Central to CodeSage is a two-pronged pretraining process aimed at finely tuning the code representations. Initially, encoders are trained with an identifier deobfuscation (DOBF) technique and a modified version of the Masked LLMing (MLM) that deviates from the standard 80-10-10 masking heuristic, suited more to natural language than code. The rationale is that the irregular replacement of tokens can disrupt code structure and semantics. The second stage focuses on contrastive learning, not with naturally occurring pairs, but by strategically selecting hard positives and negatives to ensure the model does not take shortcuts and learns robust representations.

The paper presents numerical results, elaborating on the efficacy of the proposed CodeSage models across a spectrum of sizes – small (130M), base (356M), and large (1.3B) parameters. It unequivocally outperforms existing large-scale models on a wide variety of downstream tasks.

Results and Analysis

The experiment section discloses compelling performance metrics, with CodeSage models achieving significant margins over baselines across semantic search and classification tasks. Particularly noteworthy is CodeSage-large's rendition, setting new benchmarks on multilingual in-language and cross-language code searches, and showing promise in the NL2Code search task.

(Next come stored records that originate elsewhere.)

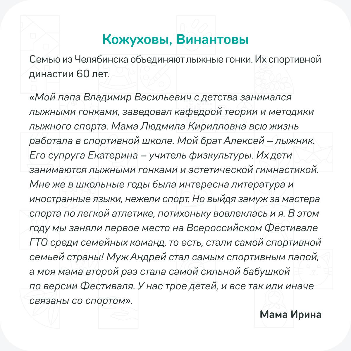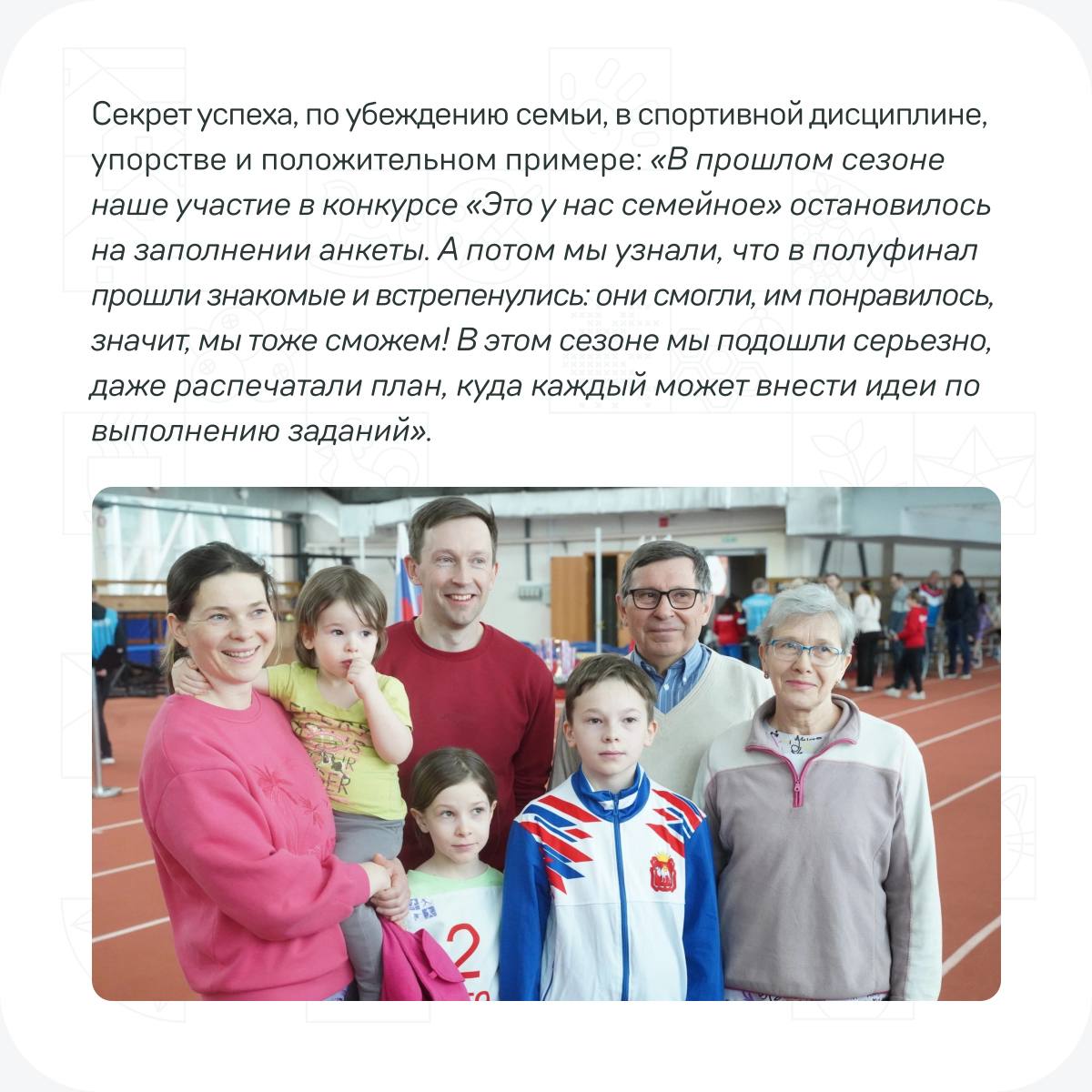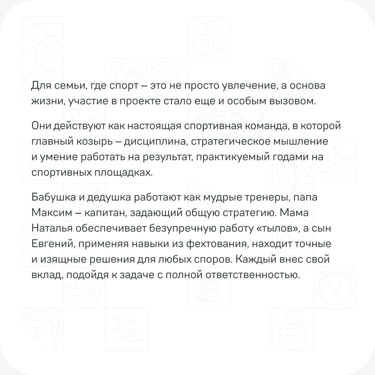 Узнайте, как спортивные династии участников конкурса «Это у нас семейное» применяют свои секреты успеха в заданиях дистанционного этапа, в наших карточках!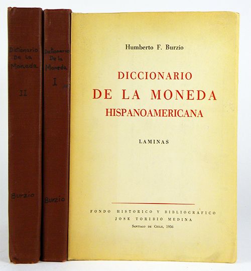 Burzio, Humberto F. DICCIONARIO DE LA MONEDA HISPANOAMERICANA. Santiago de Chile, 1956-1958. Three volumes, complete. 4to, text volumes in maroon cloth, gilt; laminas in original printed card covers. xix, (1), 327, (3); 453, (5); (6) pages; 116 plates. Near fine. A very useful work. Clain-Stefanelli 11462*: "an exhaustive study of the Spanish-American coinage conveniently arranged in alphabetical order by entries." Ferrari * 13: "Se trata de una obra fundamental que constituye, excediendo su carácter de nomenclator, un verdadero inventario del estado de la numismática hispanoamericana el momento de su aparición." Grierson 213: "un ouvrage de référence essentiel." Text volumes ex Léo Meloche.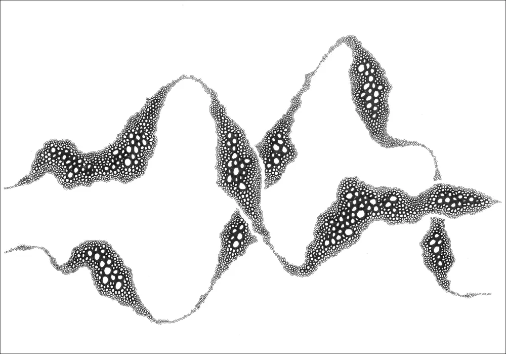 Un poster imaginaire dans un décor dramatique avec différents cercles noirs et blancs. Les formes créent d'étranges vagues ondulantes sur un fond blanc. Il y a de grands et de petits cercles comme des bulles attachées à de longues cordes ondulantes qui tourbillonnent et se courbent à travers l'image en se croisant les uns les autres dans cette pièce étrangement fascinante.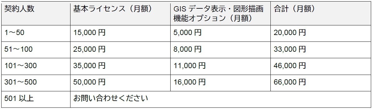 「GISデータ表示・図形描画機能」オプション料金(税抜)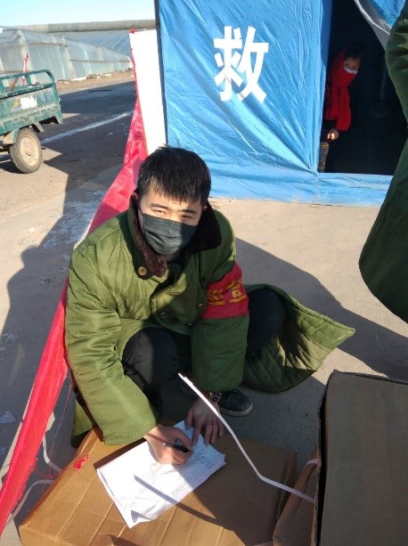 家住山东省潍坊青州市东夏镇东杨村的杨宁,是学院2016级一名大学生党员,面对严峻的疫情防控形势,牢记习近平总书记重要指示精神,勇敢担起防控责任,投身防控疫情一线,加入到村里的疫情防控队伍中去,全力构筑一道疫情防控堡垒,切实保障社区居民的身体健康和生命安全,用实际行动践行自己入党时的初心和使命。
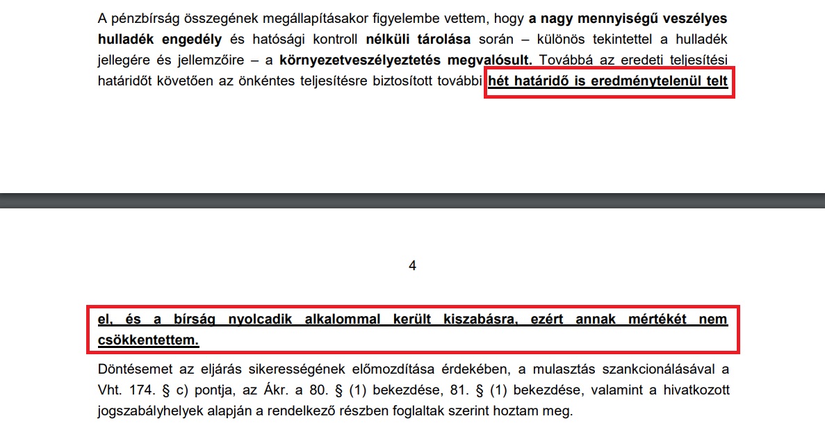 Aztán egy újabb adatigénylésünk nyomán kiderült: a megbírságolt vállalkozó csupán 6 tonna „alumínium-forgácsot” szállított el a helyszínről és a több mint ezer, akku-cellákat tartalmazó hordó ott maradt. Emiatt augusztus közepén újabb félmillió forintos végrehajtási bírságot szabtak ki az illegális raktározás elkövetőjére. A büntetésről szóló végzés szerint annyi történt, hogy a vállalkozó „újracsomagolta” és átcímkézte a hordókban lévő hulladék egy részét, mivel azokon korábban nem jelölték a veszélyességet jelölő besorolást. Ám a hulladékot ezután sem szállították el, a hatóság hiába szabott ki szeptemberben és októberben újabb hét, egyenként félmillió forintos bírságot.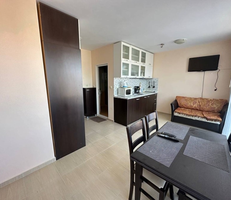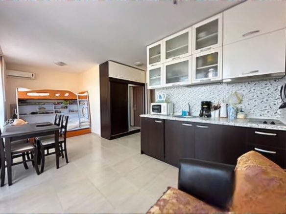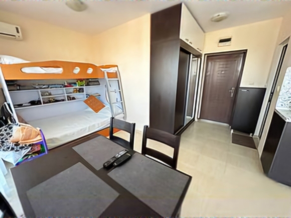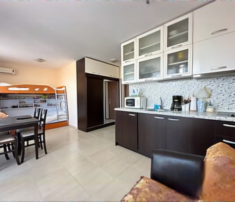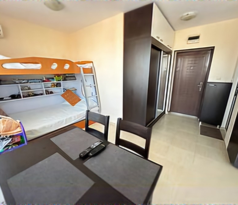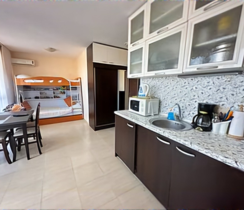 Spacious SEA VIEW studio, 48 sq.m., in Sunny Home 2, Sunny beach We offer for sale spacious studio with a big terrace and sea views in complex Sunny Home 2, in Sunny beach resort. The studio is situated on the 5th floor and has a total area of 48 sq.m. It comprises of: – hallway; – kitchen with dining area; – bedroom in a niche; – bathroom; – big terrace with views to the sea. *The layout of the studio makes it suitable for converting into 1 BED apartment. Sunny Home 2 is a cozy complex located in the central-western part of Sunny Beach, in a quiet area near a forest. In a closed area, the building is six stories high with two separate entrances and elevators. Apartments with a similar layout – studios and 1 bedroom – from 31 to 66 sq.m. with views of the forest or the pool. The building was put into operation – act 16. Facilities of the Sunny Home 2 complex – a swimming pool with a childrens section, a sun lounger area, a playground, a barbecue area, parking. Annual maintenance fee – 8 EUR/sq.m. Sand dunes start 200 meters from the complex. The beach strip is more than 4 km long with equipped places for sunbathing and relaxation, lifeguard stations, bars and restaurants right on the sand and many clothing and souvenir shops. In walking distance from the Sunny Home 2 complex and other infrastructure: supermarkets, pharmacy, beauty salons, school, kindergarten, parks, public transport and much more. The nearest airport is just 35 km from Sunny Beach.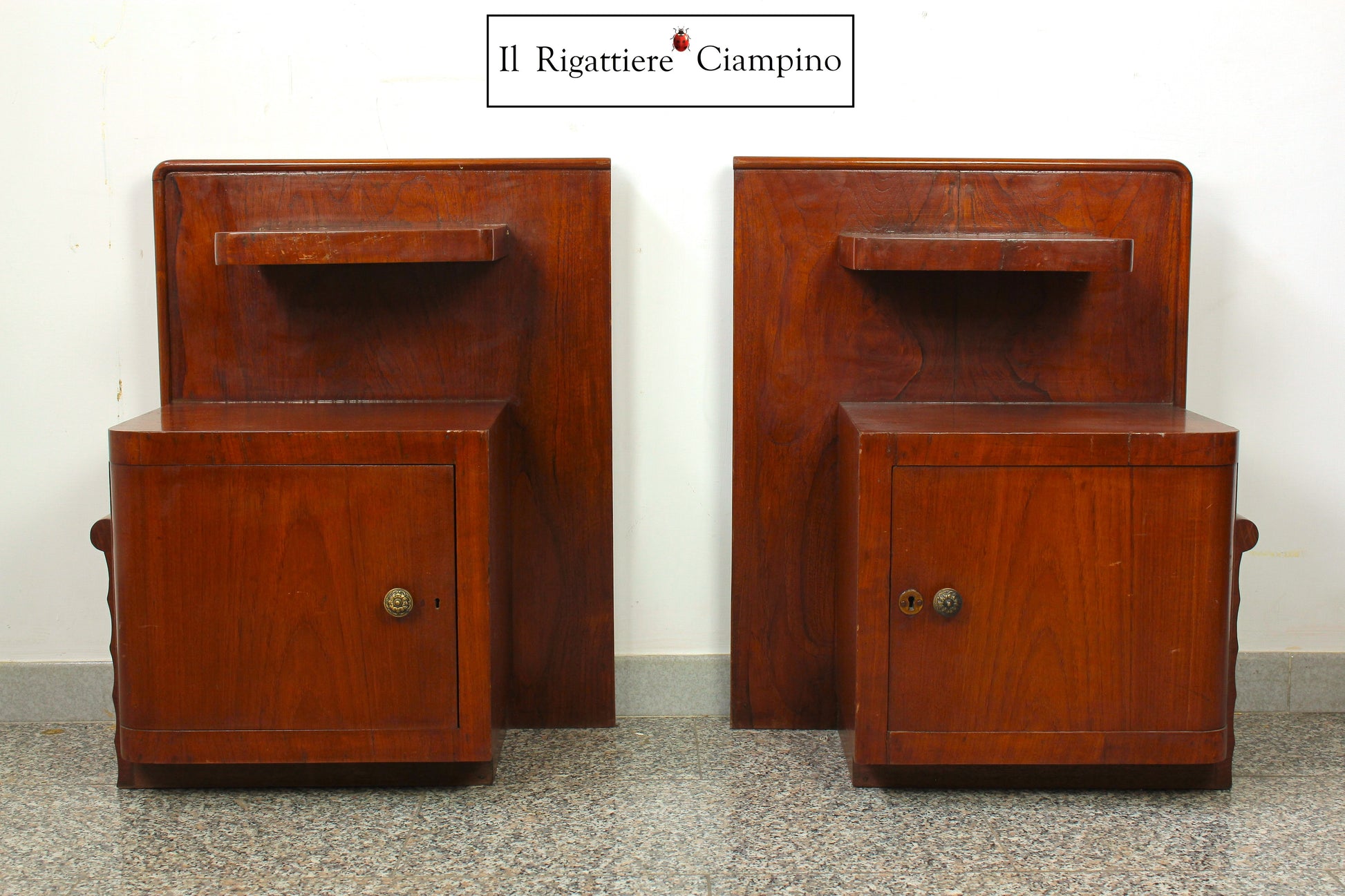 Il Rigattiere Ciampino propone una coppia di due comodini in legno, di colore marrone, con anta e piano superiore.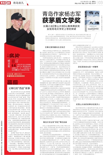 《雪山大地》获得茅盾文学奖,实现了青岛文学在这一奖项上的零的突破,杨志军也成为山东文学史上获得茅盾文学奖的第四人。此前3位获奖作家及其作品分别为刘玉民的《骚动之秋》、张炜的《你在高原》、莫言的《蛙》。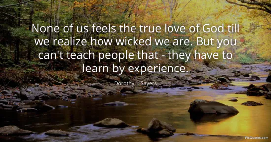 Sayers, Dorothy L. (2026, January 17). None of us feels the true love of God till we realize how wicked we are. But you can't teach people that - they have to learn by experience. FixQuotes. https://fixquotes.com/quotes/none-of-us-feels-the-true-love-of-god-till-we-25887/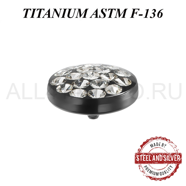 Накрутки из имплантационного титана ASTM F-136 с чёрным  PVD покрытием, украшенные прозрачными кристаллами Swarovski. Резьба накруток 1,2мм подходят к микродермалам и украшениям толщиной 1,6мм с внутренней резьбой.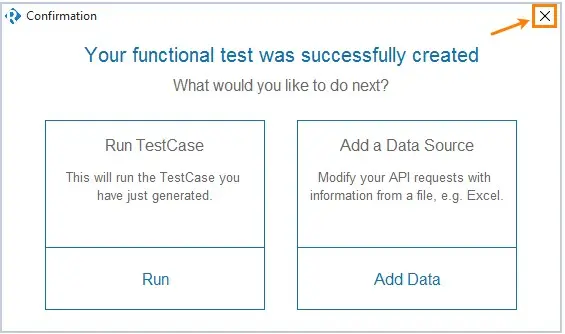 6、ReadyAPI将创建一个测试项目并向其添加测试用例。 之后,它将再显示一个对话框,您可以在其中运行创建的测试或向其添加数据源。在本教程中,我们不会使用这些选项。关闭此对话框: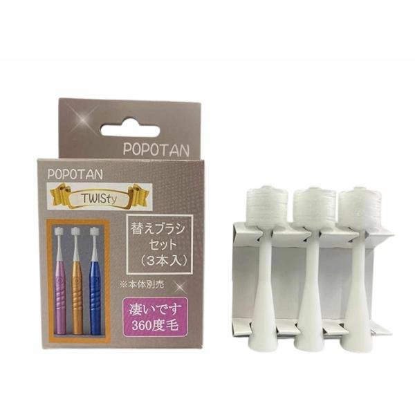 ポポタン ツイスティ 替えブラシ 3本入 POPOTAN TWISty ホワイト 電動歯ブラシ用 360度毛歯ブラシ 歯磨き後スッキリ むし歯予防の セルフデンタルケア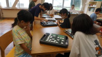 右は頭脳クラブです。オセロ対決をしています。学年に関係なく、頭脳を競い合っています。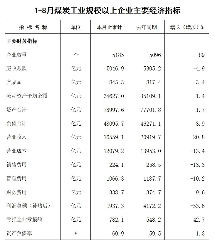 1月—8月煤炭工业规模以上企业主要经济指标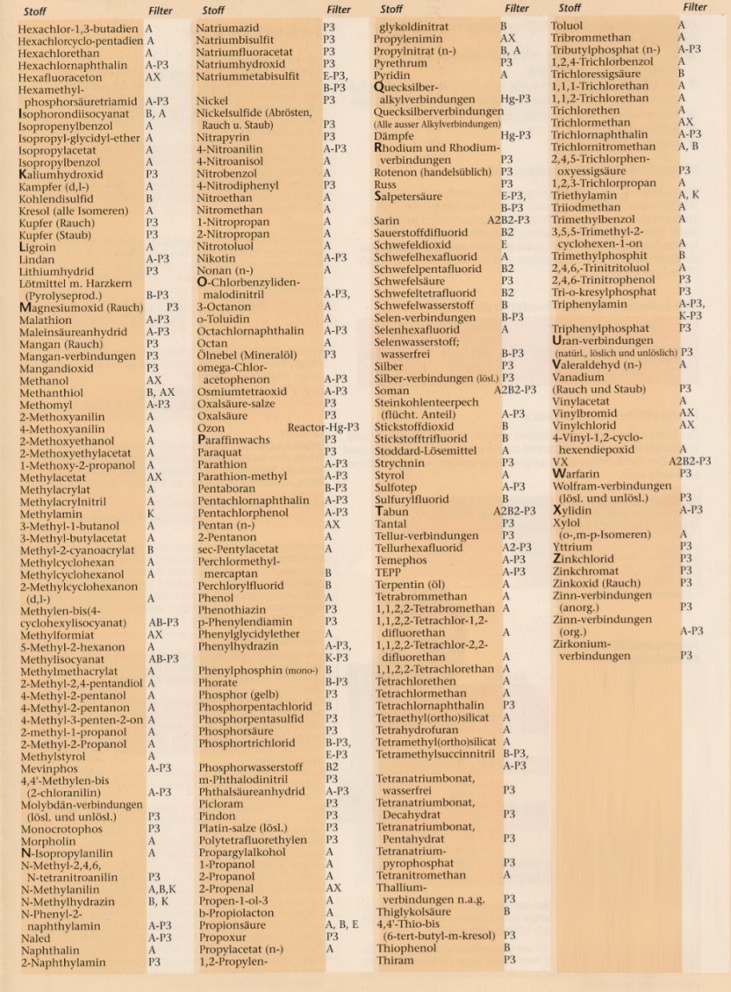 Einsatzgrenzen: Maximale Belastung der Luft , bei der die Atemschutzmaske noch eingesetzt werden kann. Dieser Wert wird im allgemeinen als “Vielfaches der maximal zulässigen Arbeitsplatz- konzentration (MAK)” angegeben.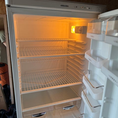 Kjøleskapet består av hyller i kjøledelen, grønnsaksskuff og dørhyller for oppbevaring av flasker og mindre varer. Egnet som ekstra kjøleskap på kjøkken, hybel eller i bod/garasje der det er behov for enkel kjølelagring av mat og drikke.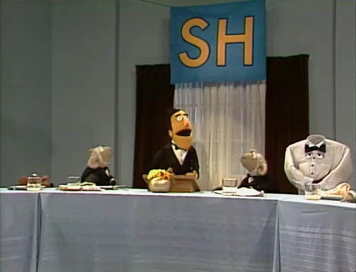 Muppets | Guy Smiley hosts a dinner for all things that begin with the sound SH. Guests include a shirt, a shrieking shovel, a shepherd, and a shark. (First: Episode 2564) |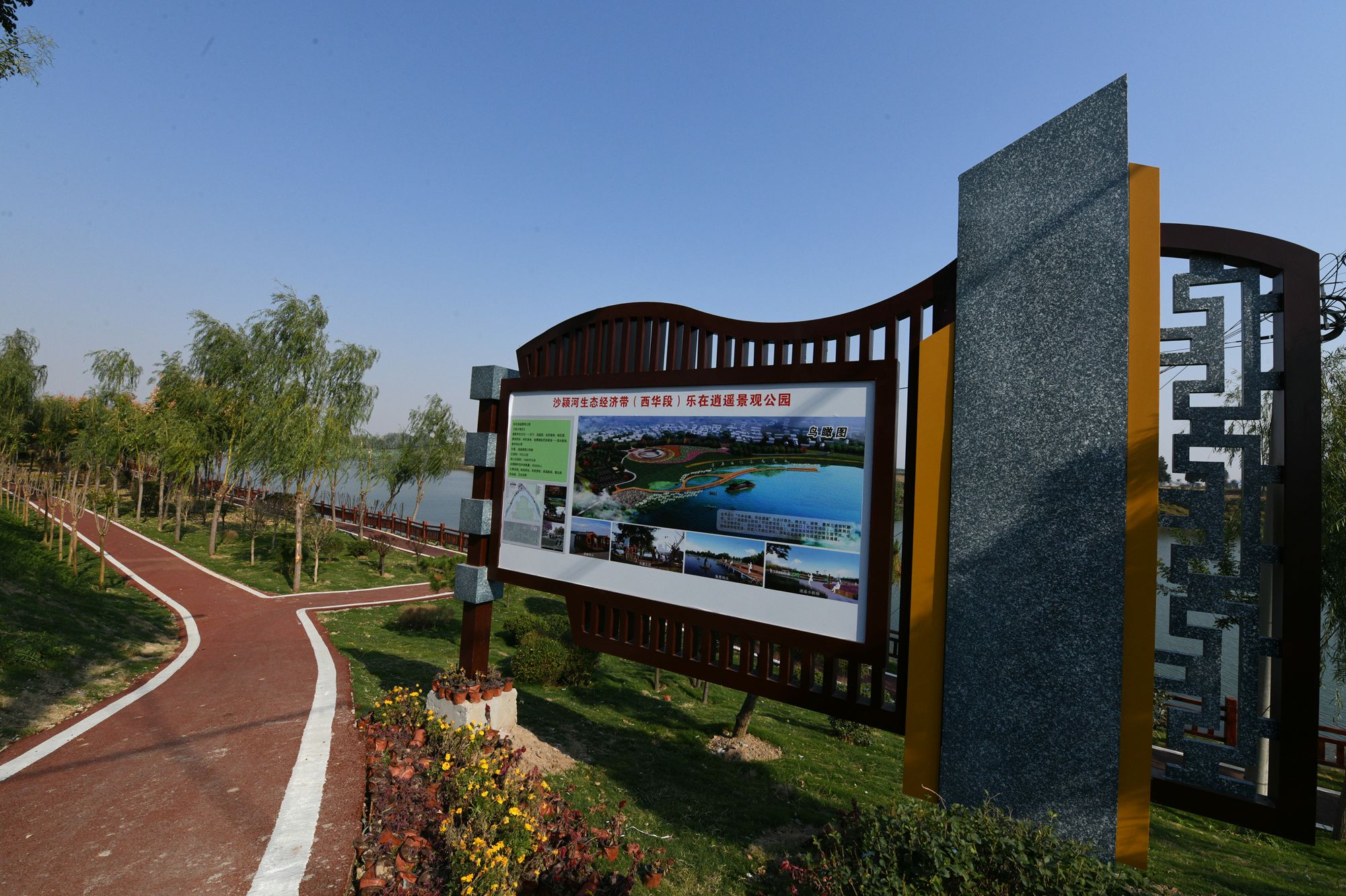 在沙颍河生态经济带的建设上,逍遥镇这颗明珠更加璀璨,此段景观为这座古镇增添了新的时代注脚,关注了新的经济活力,幸福感、获得感洋溢在临河亲水的乡亲们的笑脸上,荡漾在沿河观景的游客们的脚步里。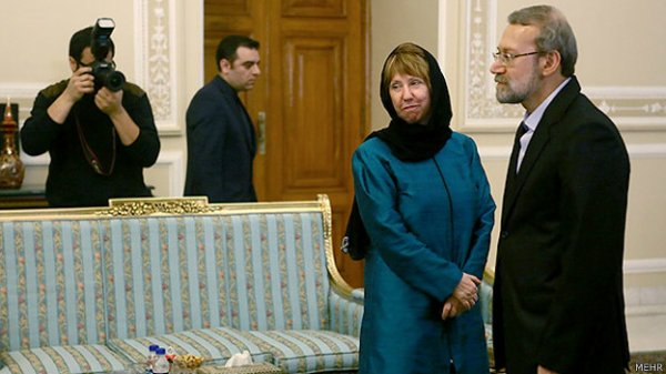 کاترین اشتون با علی لاریجانی، رئیس مجلس ایران هم ملاقات کرده است.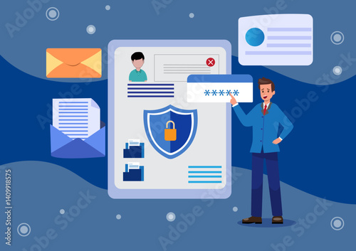 Cybersecurity protection concept. Man with tablet and shield. Data privacy safety. Secure internet network. Digital lock. Antivirus guard. Web defense. Firewall technology. IT safe.

Detailed ablations suggest customized token-level denoising schemes tailored for source code enhanced learning efficiency. They reveal that the standard 80-10-10 masking strategy leads to suboptimal outcomes, thereby advocating for full-mask approaches in code representation learning. Furthermore, the employment of hard positives and negatives is shown to be crucial in the success of contrastive learning, with the paper indicating a higher benefit for larger models from well-conceived challenging learning objectives.

Implications and Future Work

The comprehensive paper of CodeSage provided in the paper emphasizes the combination of vast pretraining data, diversified learning objectives, and nuanced training strategies to advance code representation learning. The paper identifies the critical components that influence the success of such models and postulates on their potential scaling with size. The implications of these findings are significant for the development of general-purpose Programming Language (PL) embedding models, potentially shaping the trajectory of future AI-driven code generation tools.

With the public release of the related code and model artifacts on GitHub and Hugging Face, CodeSage holds the potential to catalyze community-led improvements and innovations in the domain of generative AI for code. This work substantially contributes to our understanding and may guide researchers and practitioners in building even more powerful AI-driven coding assistants.